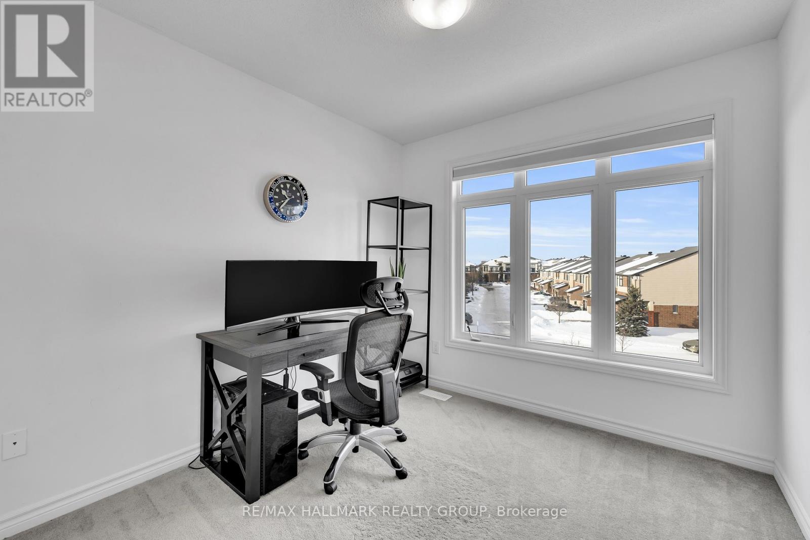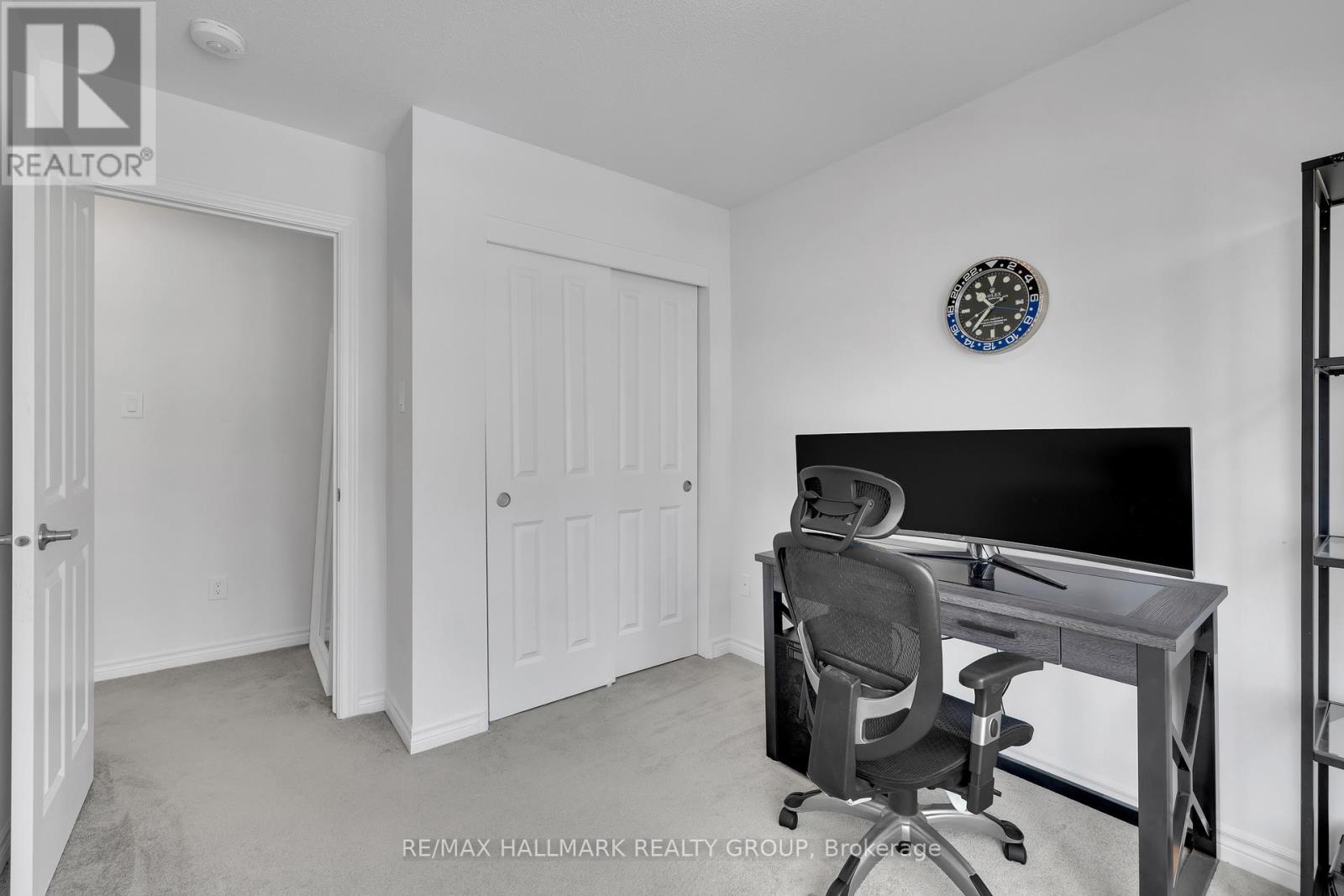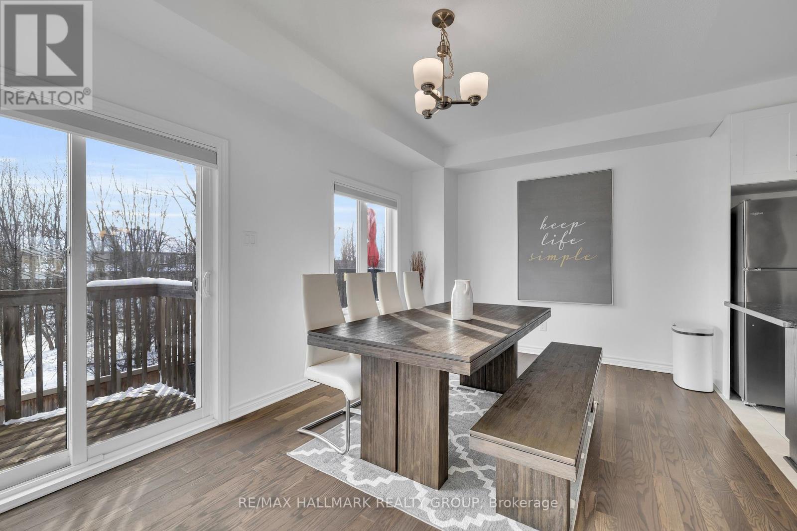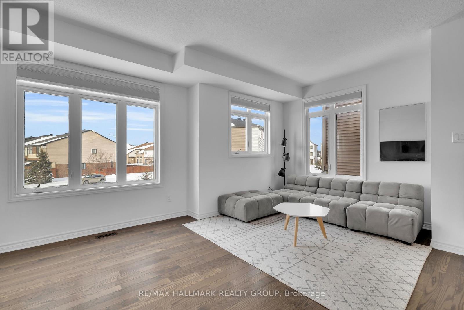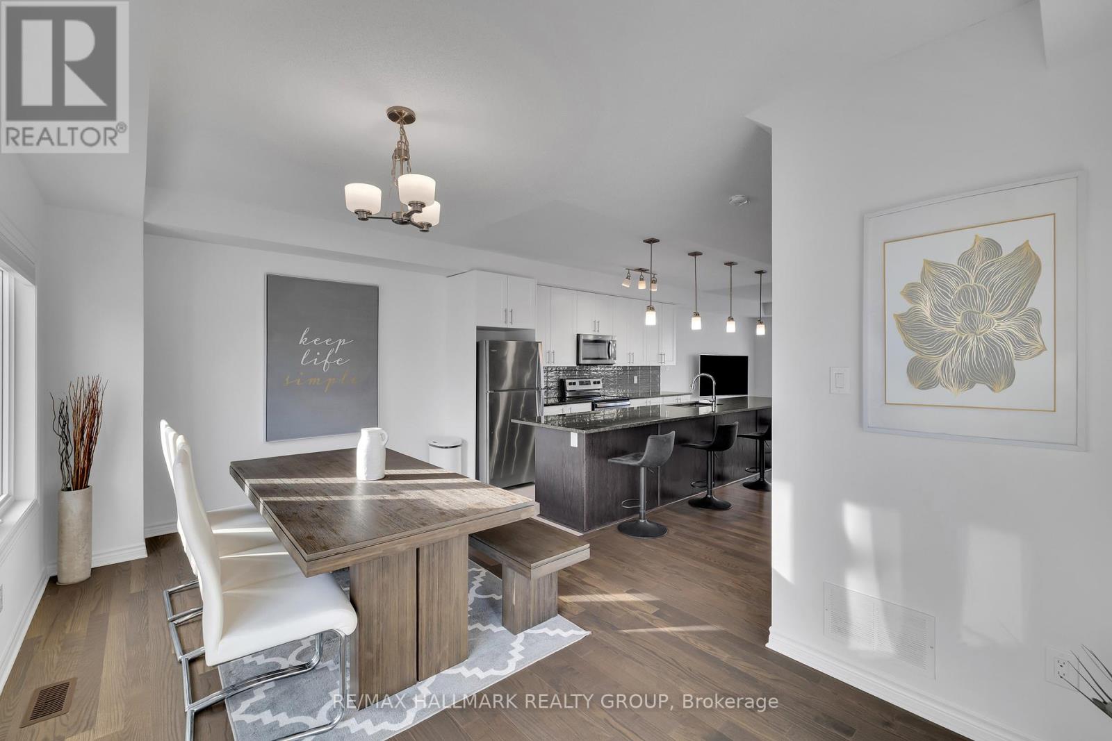 **OPEN HOUSE THURSDAY JANUARY 29th at 5-7PM** -- Welcome to 26 Barn Swallow Private, a meticulously maintained end-unit 3-storey townhome built in 2019 and presented in true model home condition. This bright and thoughtfully designed residence offers 3 bedrooms, 3 bathrooms, and a functional layout ideal for modern living.A tiled entry welcomes you into the main level, where upgraded hardwood flooring highlights a versatile living space at the rear of the home with direct access to a private, professionally landscaped backyard, perfect for relaxing or entertaining. The second level features a stunning open-concept kitchen, dining, and living area, anchored by an oversized stone island with seating for 6 to 8 guests. Side windows flood the space with natural light, showcasing dark hardwood floors, crisp white cabinetry, and stainless steel appliances. A dedicated dining area opens to a balcony overlooking a mature, tree-lined ravine, offering a peaceful backdrop rarely found in townhome living.The third floor hosts three well-proportioned bedrooms, including a spacious primary retreat large enough for a king-size bed, complete with two walk-in closets and a sleek ensuite featuring a full glass shower. The additional bedrooms are ideal for children, guests, or a home office.The unfinished basement provides excellent flexibility and is currently used as a gym, with potential for a family room, bedroom, or additional living space to suit your needs.Ideally located just off Earl Armstrong Road between Prince of Wales Drive and Limebank or Riverside Drive, this home offers convenient access throughout the city, nearby shopping, schools, and everyday amenities. The private road includes 11 additional visitor parking spaces, along with nearby street parking. (id:28469)
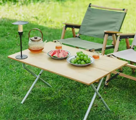 FOLDAID DRAPTE BAMBOE EN ALUMINIED TABLE, DAT IS STURTY, STOVY, EN MILJOCHTFRIEND. En effektyf waterdicht. De glêde tafelblêd is perfekt foar it pleatsen fan drankjes, snacks of kokenapparatuer oan.
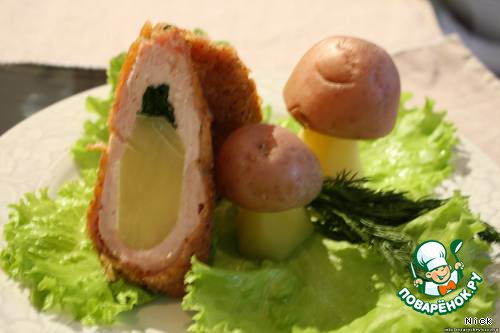 На куриную грудку выкладываем картофель и укроп (верхнюю часть) .Заворачиваем филе ,придаем форму котлеты и панируем в муке, далее в яйце, и в сухарях.
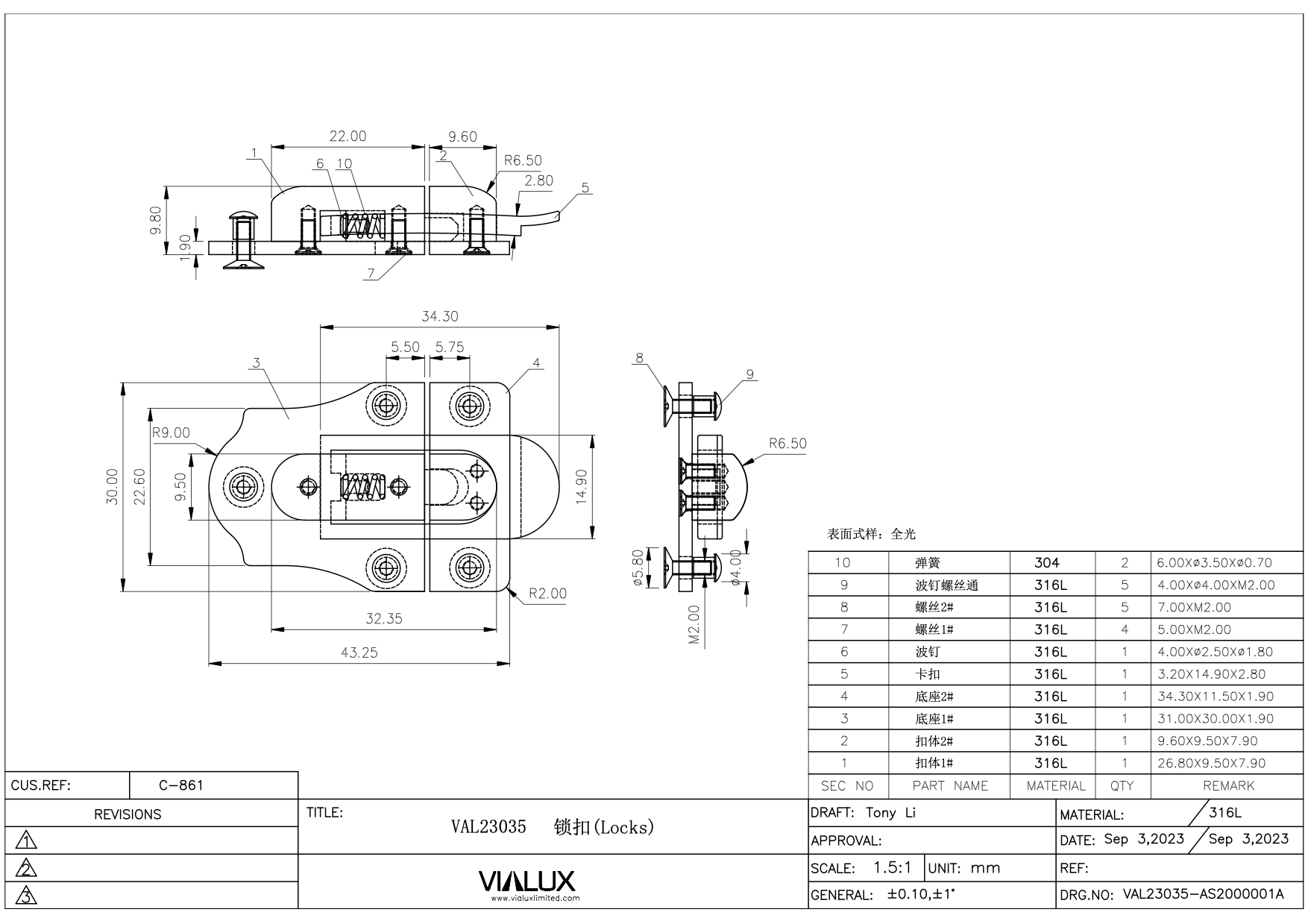 VAL23035 Briefcase Lock Stainless Steel Polished
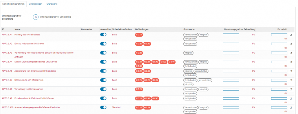 Nun wurde das Asset erfolgreich festgelegt, einer Assetgruppe zugeordnet und der potentielle Schaden ermittelt. Die Sicherheitsmaßnahmen und Gefährdungen sind unterhalb in der Tabelle ersichtlich.
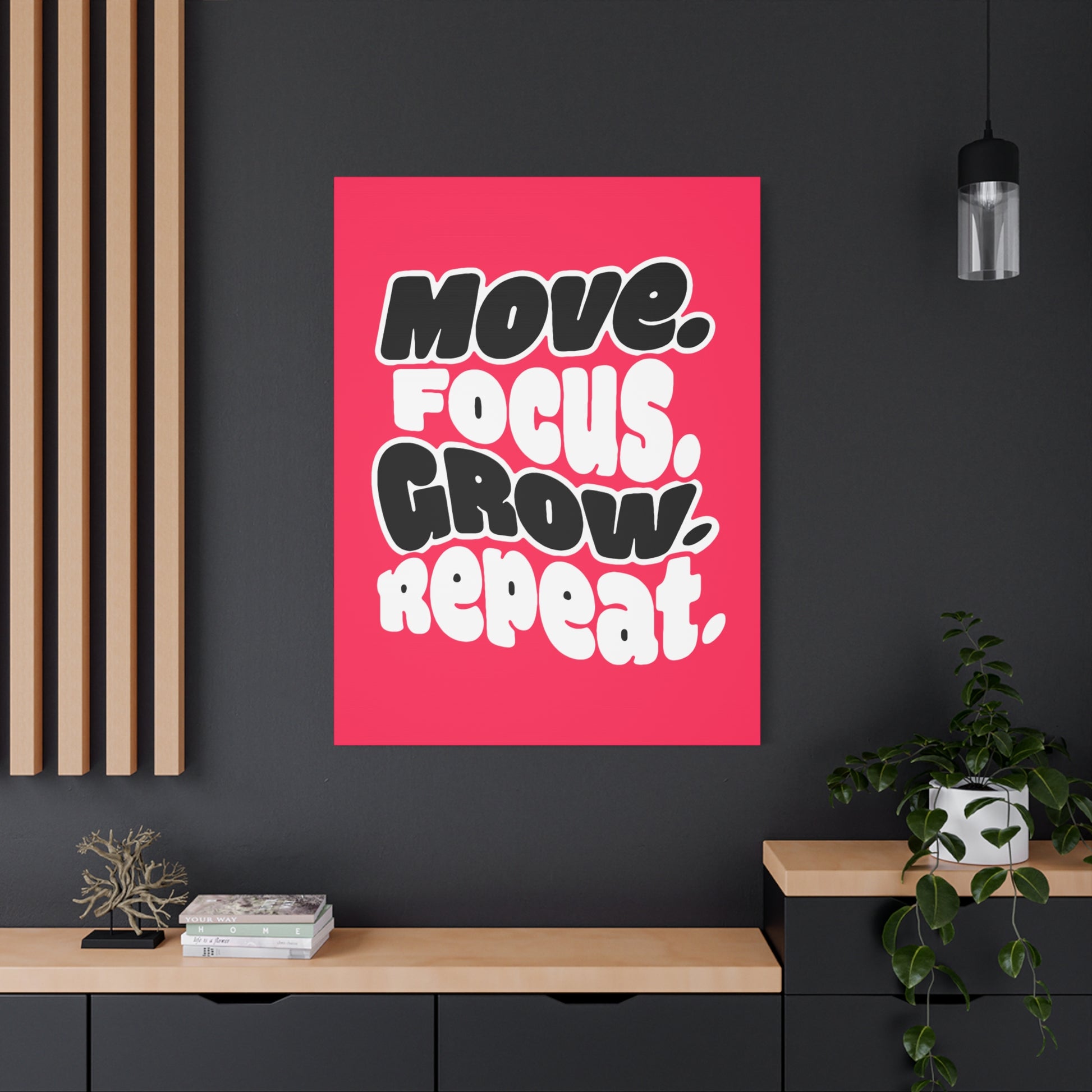 A bright, matte stretched canvas that brings upbeat energy to any workspace or studio. Bold, rounded lettering sits against a lively coral background, reading: “Move. Focus. Grow. Repeat.” The compact 1.25” depth gives a clean gallery look, while the soft rubber dots and included back hanger keep it secure and level on the wall. Printed with non-toxic latex inks on a cotton-poly canvas and stretched over responsibly sourced radiata pine, this piece balances punchy, motivational design with eco-minded materials. Choose vertical, horizontal, or square orientations from multiple sizes to fit a desk nook, home office, gym corner, or creative studio wall.
________________
YOUR OBJECTIVE
Your output should be only the lines from the line with "VAL23035 Briefcase Lock" through the end of the data, exactly as they stand, and no pictures.

RESPONSE AREA
 VAL23035 Briefcase Lock Stainless Steel Polished
 Nun wurde das Asset erfolgreich festgelegt, einer Assetgruppe zugeordnet und der potentielle Schaden ermittelt. Die Sicherheitsmaßnahmen und Gefährdungen sind unterhalb in der Tabelle ersichtlich.
 A bright, matte stretched canvas that brings upbeat energy to any workspace or studio. Bold, rounded lettering sits against a lively coral background, reading: “Move. Focus. Grow. Repeat.” The compact 1.25” depth gives a clean gallery look, while the soft rubber dots and included back hanger keep it secure and level on the wall. Printed with non-toxic latex inks on a cotton-poly canvas and stretched over responsibly sourced radiata pine, this piece balances punchy, motivational design with eco-minded materials. Choose vertical, horizontal, or square orientations from multiple sizes to fit a desk nook, home office, gym corner, or creative studio wall.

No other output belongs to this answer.